■ **WORK INSTRUCTION**
Below are records. Copy every line with "Cooperation" in it.

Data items
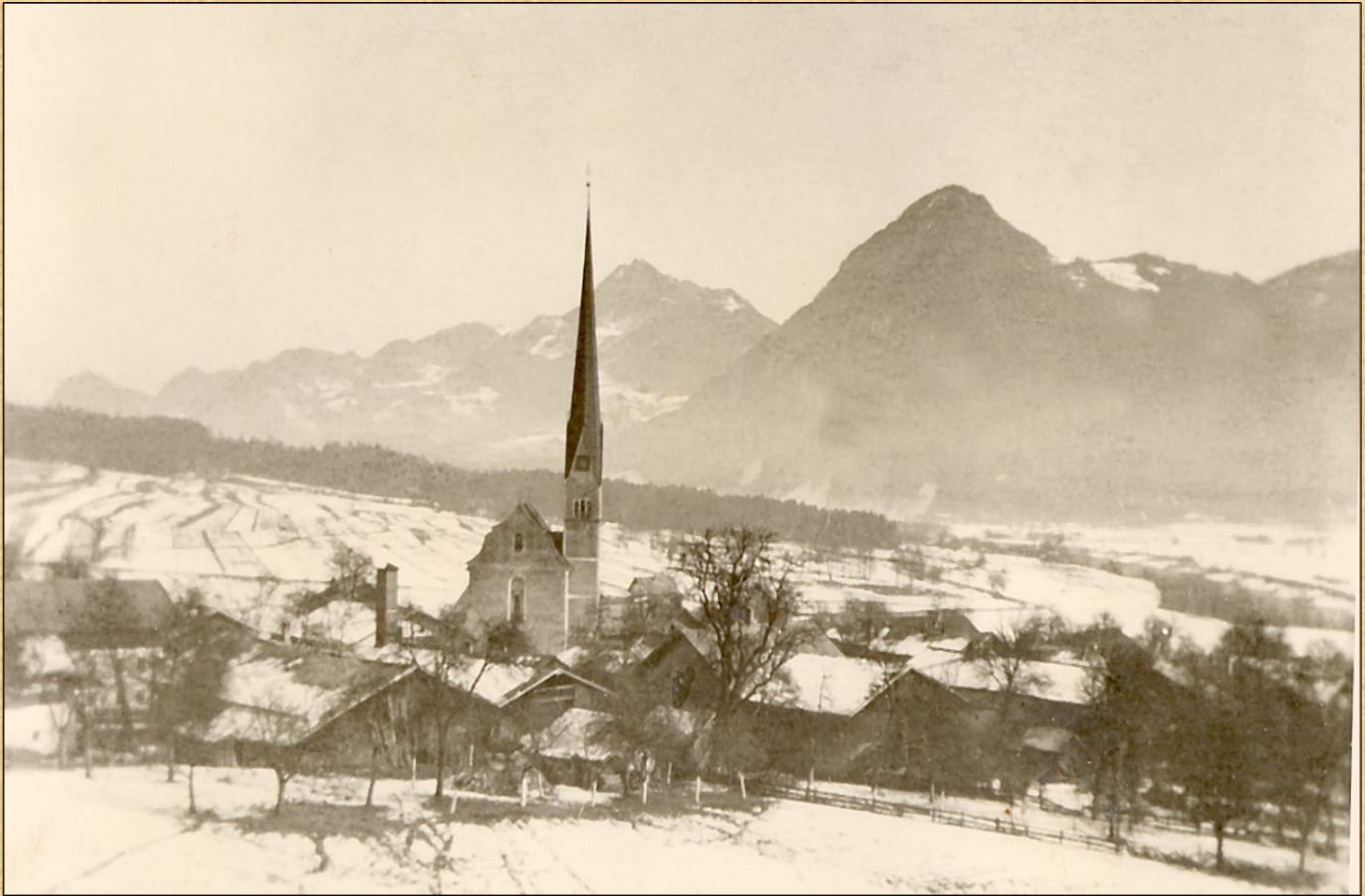
Frühling ca. 1930
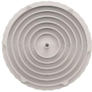
コンテナ蓋にラビリンスディスクを装着した際の断面図
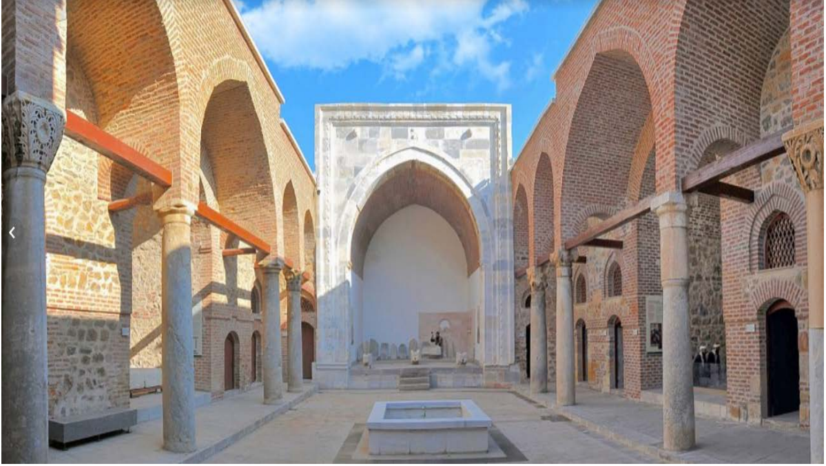
Ek 3: Akşehir Taş Medrese'nin (Taş Eserleri Müzesi) restorasyon sonrası görünümü 119
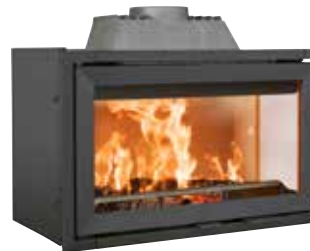
JØTUL I 620 FR UPUST 1 660,-* TERAZ 6 640,-* Było 8 300,-*
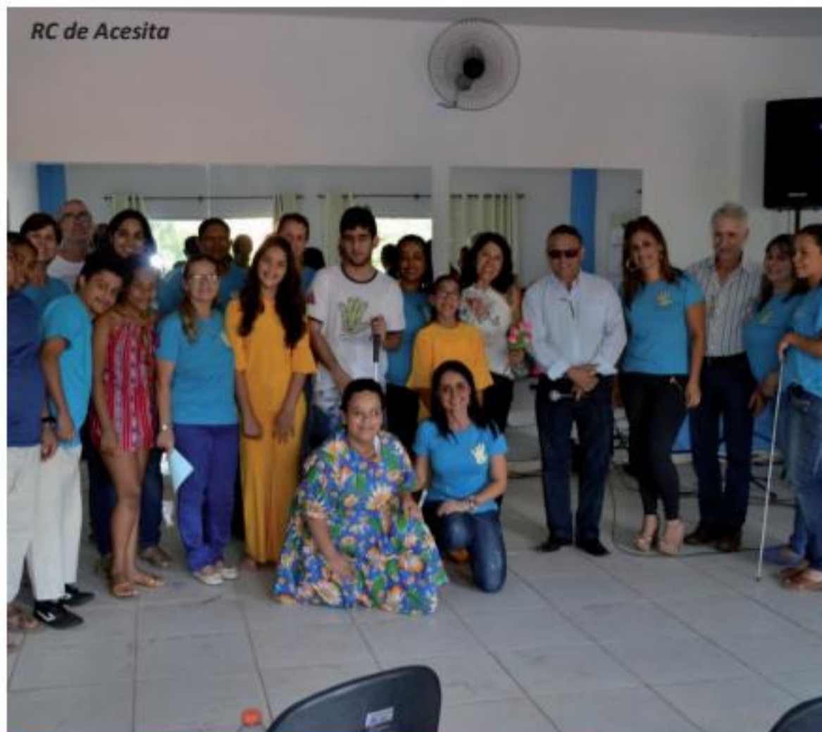
RC de Acesita

de e as parcerias firmadas, em nome de Rotary International. Páginas 4 e 5
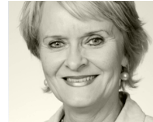
Valgerður Sverrisdóttir from Iceland is a member of the Allthing (Icelandic Parliament) for the Progressive Party and a former Minister of Foreign Affairs, Minister of Nordic Cooperation and of Trade and Industry.
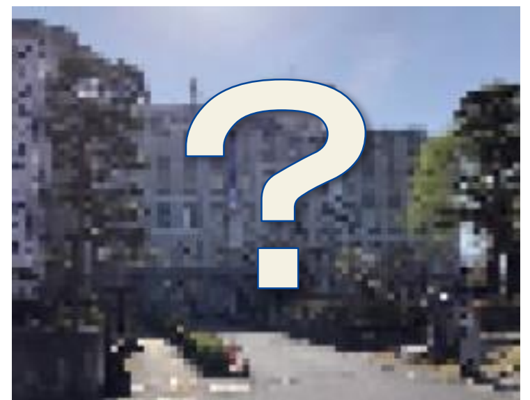
【三代目 松本市役所庁舎】 現地建替が決定
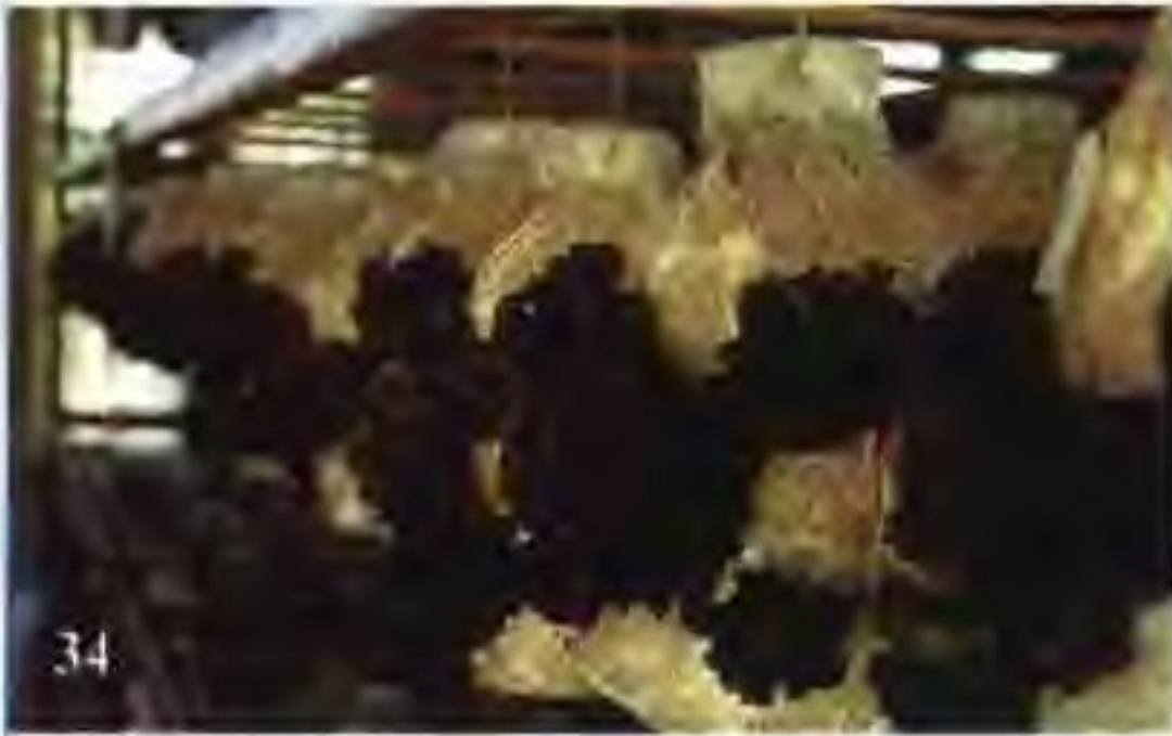
34 黑木耳代料吊式栽培
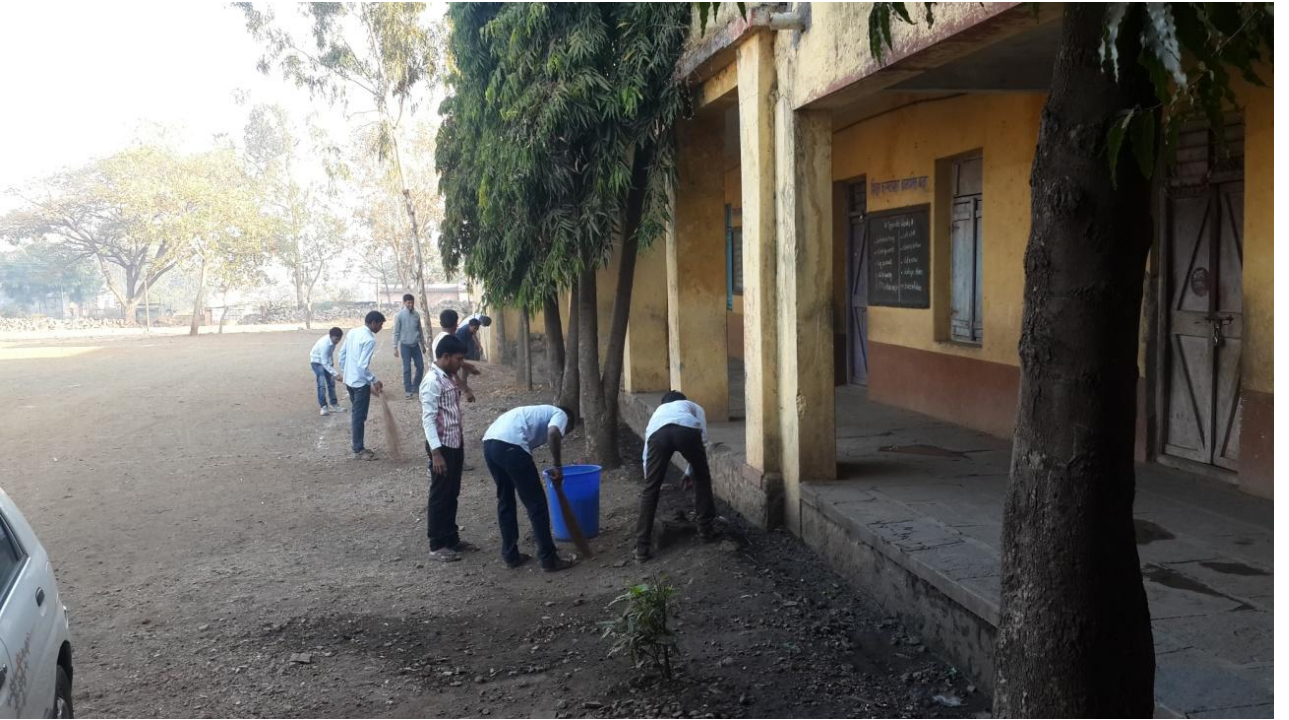
साखराळे येथिल जि.प.शाळा परिसरामध्ये स्वच्छता करताना स्वयंसेवक
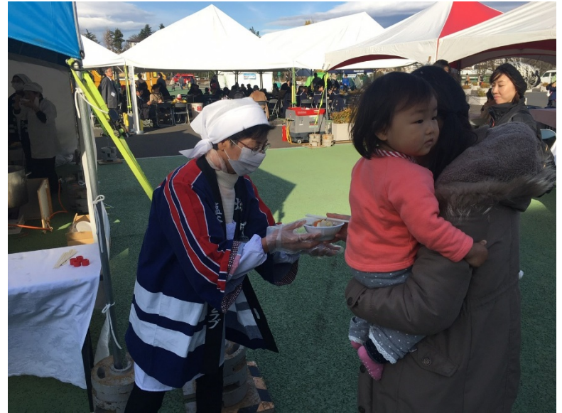
屋外展示(炊き出し)
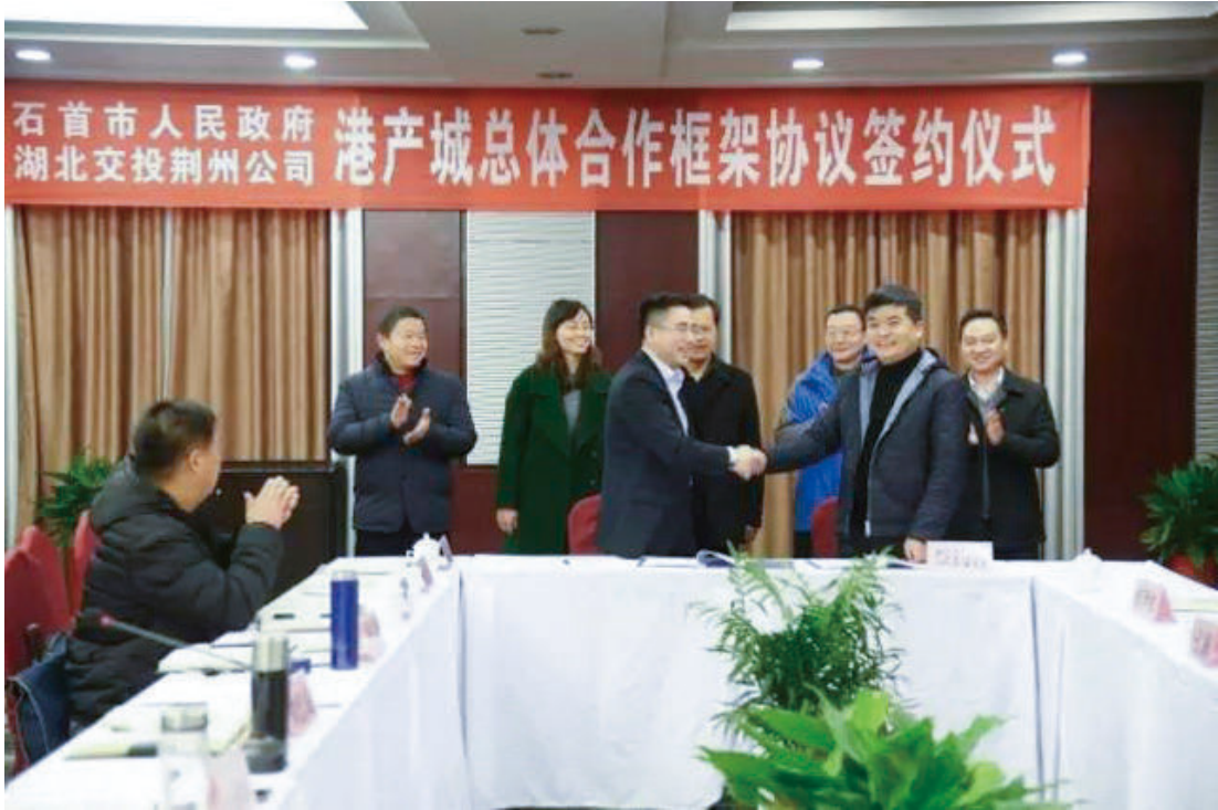
11月30日，石首市政府与湖北交投荆州投资开发股份有限公司举行港产城总体合作框架协议签约仪式
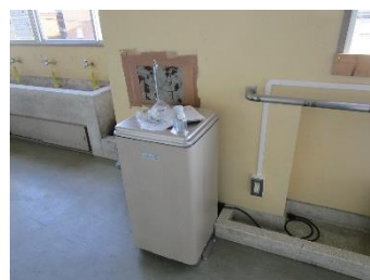
かい ねんせいきょうしつまえ 4階 かい 4年 ねん 生 せい 教 きょう 室 しつ 前 まえ
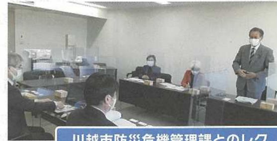
川越市防災危機管理課とのレク
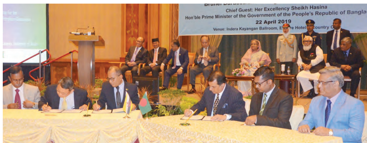
PENANDATANGANAN MoU antara Ghanim International Cooperation Sdn. Bhd. bersama Nizam Group of Company yang ditandatangani oleh wakil syarikat masing-masing.
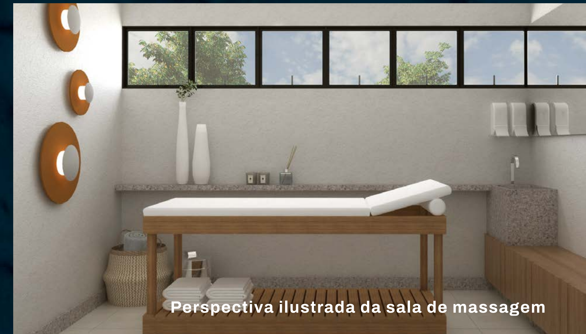
Perspectiva ilustrada da sala de massagem

■ **EXPECTED ANSWER**
Valgerður Sverrisdóttir from Iceland is a member of the Allthing (Icelandic Parliament) for the Progressive Party and a former Minister of Foreign Affairs, Minister of Nordic Cooperation and of Trade and Industry.
PENANDATANGANAN MoU antara Ghanim International Cooperation Sdn. Bhd. bersama Nizam Group of Company yang ditandatangani oleh wakil syarikat masing-masing.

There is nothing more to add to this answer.